In terms of male bragging rights, the goal of a bar-hookup typically requires either an outright hottie (see Maxim, Poly Dolly) or if you are a hipster, it’s some sort of girl who’s hot mostly because of her brazen uniqueness (see Vice magazine, Williamsburg). The male ego tends to require one of these things for a morning-after bragging right/success, otherwise what are you really doing that the next guy couldn’t do? Of course, such incidents are actually few and far between and to the credit of most females, pursuing extremes doesn’t necessarily always provide some sort of fruitful long-lasting “love” or even necessarily a short-term good physical relationship/mild emotional connection.
To a large extent, the same can be said of the music blogger/reviewer. Little separates he or she from that totally immature bro/hipster who’s looking more for easy-to-define bragging rights than any sort of actual enjoyment. Why spend the time searching through the millions of bands to talk about when it is so much easier to talk about a band that’s brazenly easy to define and discuss. In this way, a band like Cotton Jones can easily miss the hype machine (see the music blog-aggregating Website HypeMachine) and never actually break as much as they should.
Cotton Jones is the new project from Michael Nau, the frontman for broken-up indie-pop band Page France. Their new album “Paranoid Cocoon,” hits the path of psychedelic folk pop that’s been plowed through by band after band lately. In hook-up terms, Michael Nau is your typical Urban Outfitter shopper pulling through the same sale racks as everybody else. During the runtime, he never does anything out rightly Starbucks-ready (see Fleet Foxes) nor does he blatantly try to fuck with everybody’s heads to get attention (see Black Lips).

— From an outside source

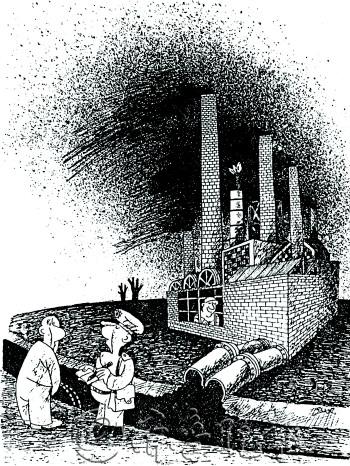 漫画的灵魂是点子。但仅有点子是不够的,还需要场景的巧妙设置和技法的精心渲染。 如图所示,是一则针砭污染的漫画。从场景设置上看,如果把厂房内那得意的排污者删掉;把林立的烟囱和远处的枯树也删掉,这仍不失为一幅好的漫画。因为作者用排污来反衬撒尿,已经对“小污被罚”而“大污逍遥”的“严格执法”进行了有力的讽刺。 但漫画家没有就此止步,又用排污者的窃喜来反衬被罚者的无奈;用烟尘满天、万木枯死来反衬执法者的视而不见,把主题表现得更加充分。从绘画手法上看,浓墨重笔,精心刻画,把整个场景渲染得如临其境;把三位先生的心理活动刻画得入木三分,达到了炉火纯青、无以复加的地步。 何止于此,漫画家还透过环境的污染,洞穿了执法者心灵的污染。 (王雪巍)
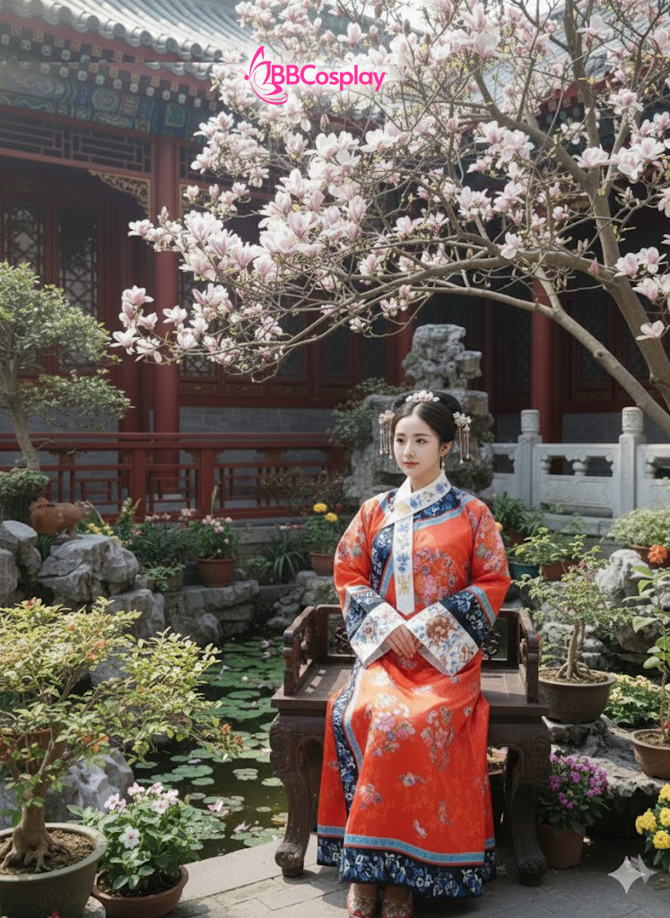 - Điểm nhấn "Đại Lạp Phù": Chiếc mũ đặc trưng của phụ nữ Mãn Thanh được trang trí bằng hoa lụa và trâm cài (điểm thúy). Đây chính là "vương miện" giúp kéo dài tỷ lệ cơ thể và tạo nên thần thái hoàng tộc cho người mặc.

No, Nau relaxes somewhere in between and in that way he’s really easy to ignore. He slams through some good vibes and places his touches in small and subtle ways. It’s the subtle touches though that make the album a keeper for the occasional listener. Nau’s totally indefinable spirituality always flirts beneath in a way that can consistently intrigue a certain brand of agnostic. His bells and keyboards fuzz with the same sort of optimism and comfort that was always infused in Page France.
Most importantly, his lyrics hover consistently between the sort of universal sentiments of the anthems that bands like Bon Iver create and the complete disregard for definability that seems to be a highlight of artists like Devendra Banhart. Every sort of almost overly-emotional moment like for example in “Photo Summerlude” when Nau talks about crying because he can’t remember when he last cried, is balanced by some sort of passing honestly like in “I Am the Changer” when he says he’s “always a stranger, and a liar.”
The album is pure gauzy psych pop like many things. However, it’s really hard to discuss what it makes it good. It’s not necessarily always original or groundbreaking, nor is it the sort of universal favorite. It’s power lies mainly in its unique honesty and in that way it is hard to talk about in a way that’s enticing without betraying what it is. It’d be kind of like playing up your last hook-up when you know most of what you’re saying is stretching the truth.